Why use reflection on reading data from S3?

Hello Akshat, a few questions:

  1. where is Dremio deployed?
  2. how many nodes in your Dremio cluster, and how much RAM, CPU cores per node?
  3. are you only running queries through the SQL console in Dremio, or have you tried via ODBC/JDBC?

things that may help:

  1. If you are creating Parquet files for Dremio, please see these recommendations on configurations for Parquet: https://docs.dremio.com/advanced-administration/parquet-files.html

  2. If your raw data is already in Parquet, then a Raw Reflection may not provide any benefits as it is also in Parquet. It can be helpful in some cases: a) the Raw Reflections may be sorted or partitioned in a way that is different from the raw data, which can accelerate some queries; b) the Raw Reflections may be closer to your Dremio cluster or on a faster storage sub-system; c) it may contain a subset of the columns/rows of the source data; d) it may perform joins ahead of time, removing the need to perform the join at query time (denormalized). There are other examples, but hopefull you get the idea.

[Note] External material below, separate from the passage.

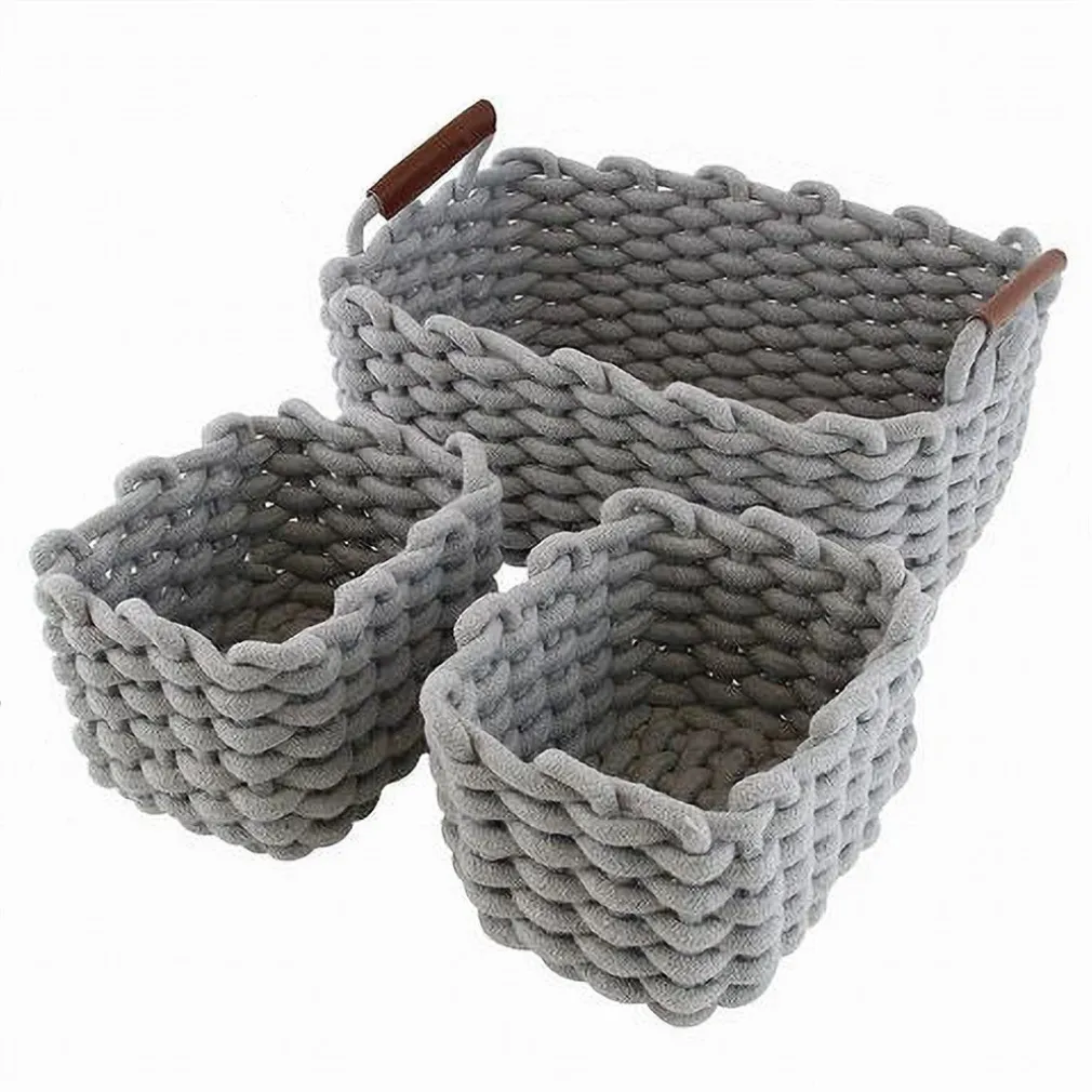 SET 3 CESTINI INTRECCIATI CORDA CESTO PORTA OGGETTI ORGANIZZA DECORA CASA 10635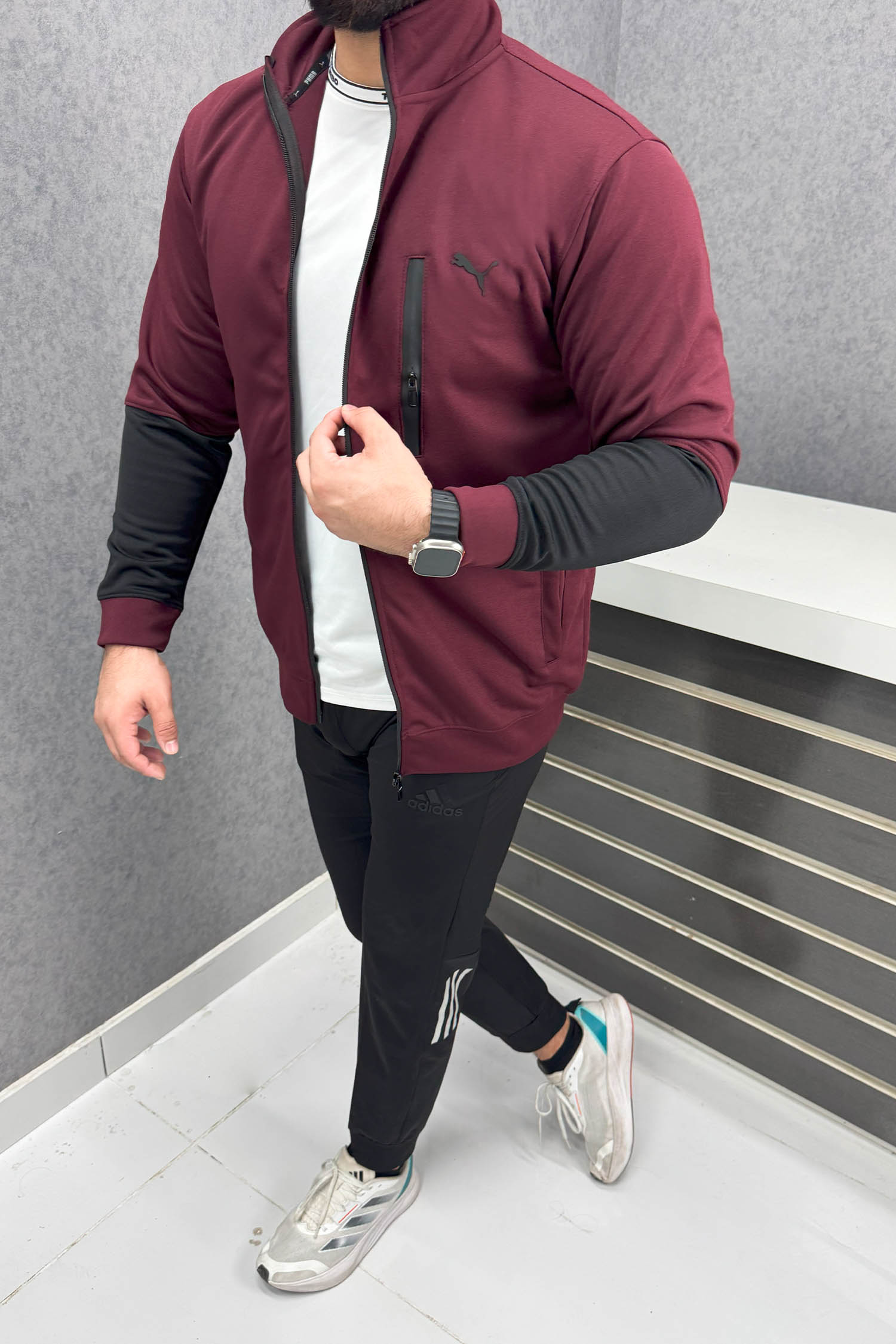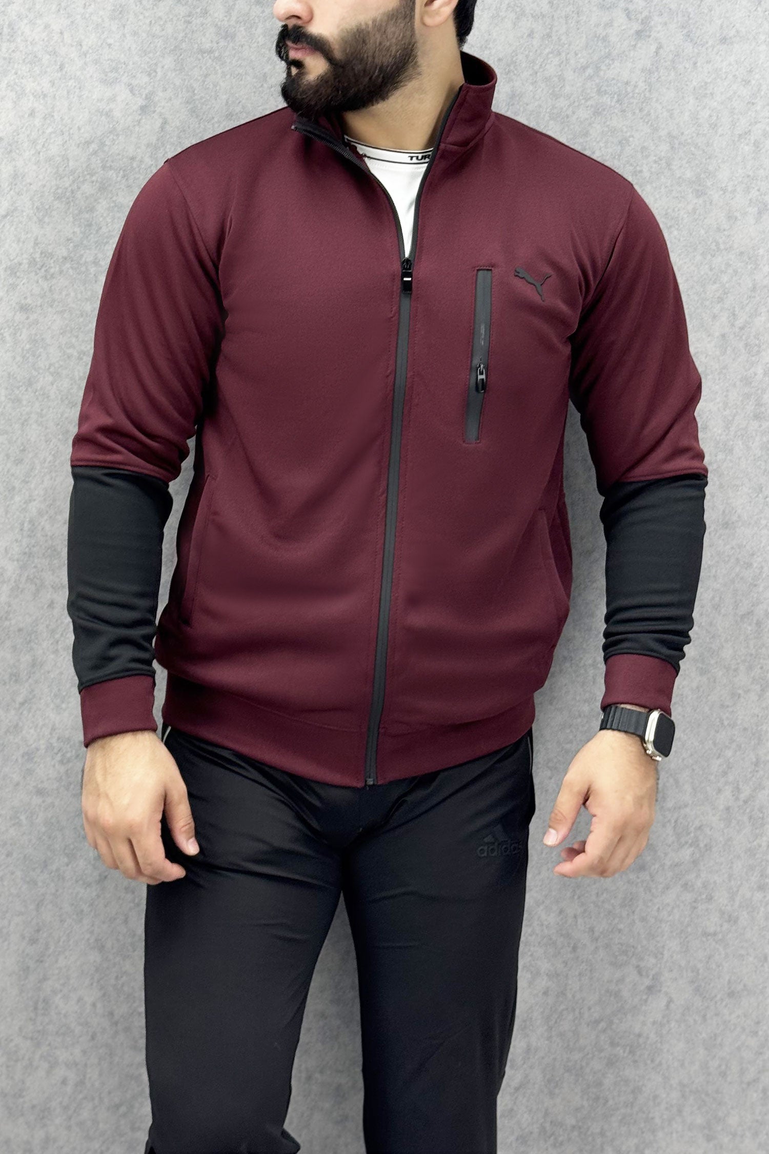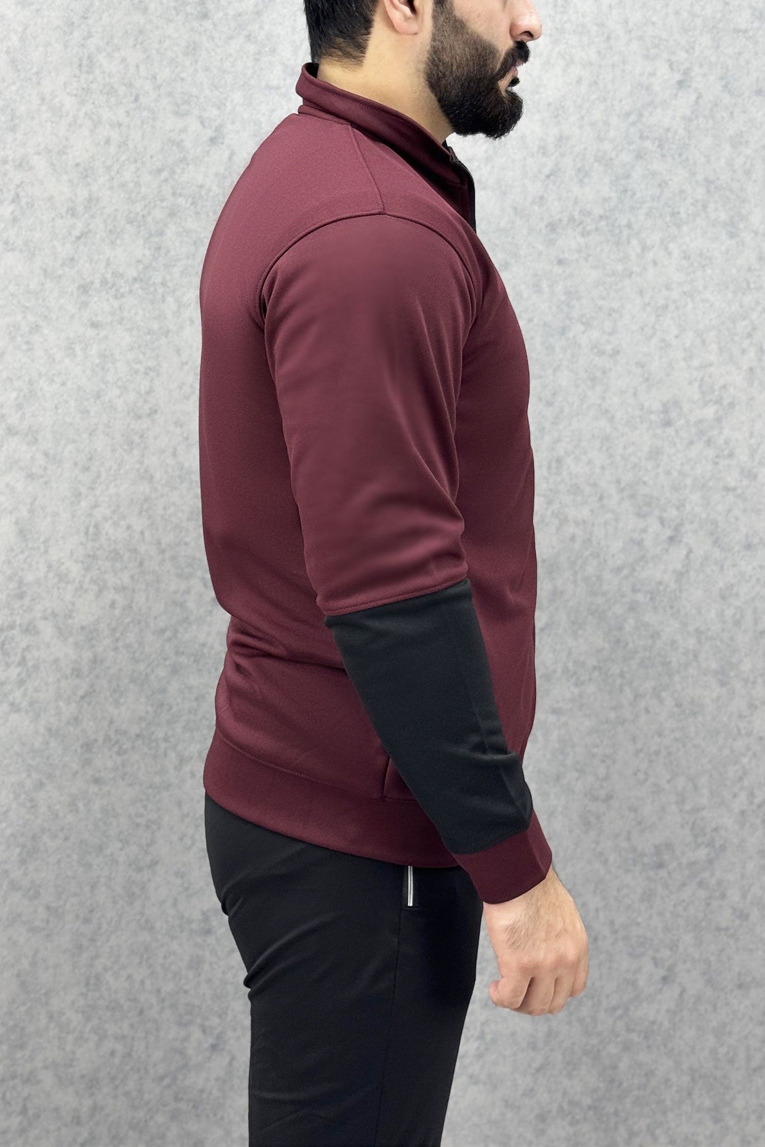 Pma Zipper Style Mock Neck Men Zipper Upper in Maroon

  3. Aggregation Reflections can be a very significant performance improvement. It sounds like your particular reflection isn’t configured to cover the queries you are issuing. Can you describe how you have it configured and provide a sample query that isn’t being accelerated? Normally if the query profile says that it wasn’t covered by the reflection that means you are missing columns, or there is a join condition in the virtual dataset that makes it not cover your query. Another example is that you don’t have the correct aggregation operators enabled for a specific measure (ie, MAX, MIN).

  4. Also, if you haven’t seen this tutorial it may be helpful: https://www.dremio.com/tutorials/getting-started-with-data-reflections/